Relationship between Departure Hour on Bad Weather Days and On Time Departure Flights
Now we will take a look at the flights that were on time on the previously observed days with a high percentage of cancelled or delayed flights. The hypothesis for this data is that the earlier in the day the flight left the more likely it was able to depart on time due to avoiding the bad weather that came later.
on_time_flights <- flights %>%
filter(dep_delay <= 0,
(year == 2013 & month == 2 & day %in% c(8, 9)) |
(year == 2013 & month == 3 & day == 8) |
(year == 2013 & month == 5 & day == 23) |
(year == 2013 & month == 6 & day %in% c(24, 28)) |
(year == 2013 & month == 7 & day %in% c(1, 10, 23)) |
(year == 2013 & month == 9 & day %in% c(2, 12)) |
(year == 2013 & month == 12 & day == 5))
on_time_flights## # A tibble: 3,441 × 19
## year month day dep_time sched_dep_time dep_delay arr_time sched_arr_time
## <int> <int> <int> <int> <int> <dbl> <int> <int>
## 1 2013 12 5 457 500 -3 637 651
## 2 2013 12 5 512 515 -3 753 814
## 3 2013 12 5 527 530 -3 657 706
## 4 2013 12 5 539 540 -1 832 850
## 5 2013 12 5 540 545 -5 822 832
## 6 2013 12 5 544 550 -6 959 1027
## 7 2013 12 5 548 600 -12 738 755
## 8 2013 12 5 551 600 -9 804 810
## 9 2013 12 5 553 600 -7 919 915
## 10 2013 12 5 553 600 -7 645 701
## # ℹ 3,431 more rows
## # ℹ 11 more variables: arr_delay <dbl>, carrier <chr>, flight <int>,
## # tailnum <chr>, origin <chr>, dest <chr>, air_time <dbl>, distance <dbl>,
## # hour <dbl>, minute <dbl>, time_hour <dttm>Scrolling through the dataset we can see that many of the departure times are earlier in the day but let’s make it easier to see by manipulating the dataset more.
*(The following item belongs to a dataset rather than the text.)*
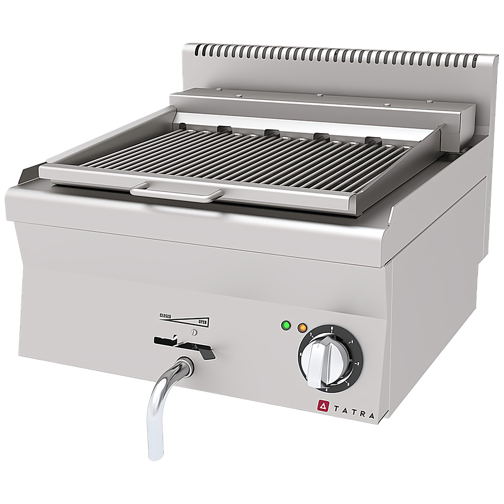 Электрический водяной гриль Tatra TWG 4635 используется для обжаривания рыбы, мяса и овощей. Модель оснащена жарочной решеткой, изготовленной из нержавеющей стали марки AISI 304, что обеспечивает ее прочность и долговечность.

average_departure_hour <- flights %>%
filter(dep_delay <= 0,
(year == 2013 & month == 2 & day %in% c(8, 9)) |
(year == 2013 & month == 3 & day == 8) |
(year == 2013 & month == 5 & day == 23) |
(year == 2013 & month == 6 & day %in% c(24, 28)) |
(year == 2013 & month == 7 & day %in% c(1, 10, 23)) |
(year == 2013 & month == 9 & day %in% c(2, 12)) |
(year == 2013 & month == 12 & day == 5)) %>%
mutate(hour = sched_dep_time %/% 100) %>%
group_by(year, month, day) %>%
summarise(avg_hour = mean(hour))
average_departure_hour## # A tibble: 12 × 4
## # Groups: year, month [7]
## year month day avg_hour
## <int> <int> <int> <dbl>
## 1 2013 2 8 8.86
## 2 2013 2 9 17.0
## 3 2013 3 8 10.2
## 4 2013 5 23 9.45
## 5 2013 6 24 9.82
## 6 2013 6 28 10.1
## 7 2013 7 1 9.43
## 8 2013 7 10 9.60
## 9 2013 7 23 10.0
## 10 2013 9 2 9.85
## 11 2013 9 12 9.03
## 12 2013 12 5 10.1This dataset shows the average departure hour of each on-time departure flight. This confirms our hypothesis that most left in the morning or afternoon at the latest if they were on time. However, February 9th has a much later average departure hour of around 5 PM than the others. This is likely due to the fact that the storm from the 8th continued into the morning of the 9th, only clearing up in the evening of the 9th.
Conclusion
In summary, we can conclude that the days in 2013 with at least 35% of flights canceled or delayed by an hour or more were indeed due to poor weather conditions. We also discovered the worst time to travel was at 9 PM due to the highest percentage of delays or cancellations. Lastly, we found that many of the days with poor weather conditions still had a number of flights that departed on time, but nearly all of these flights were in the morning.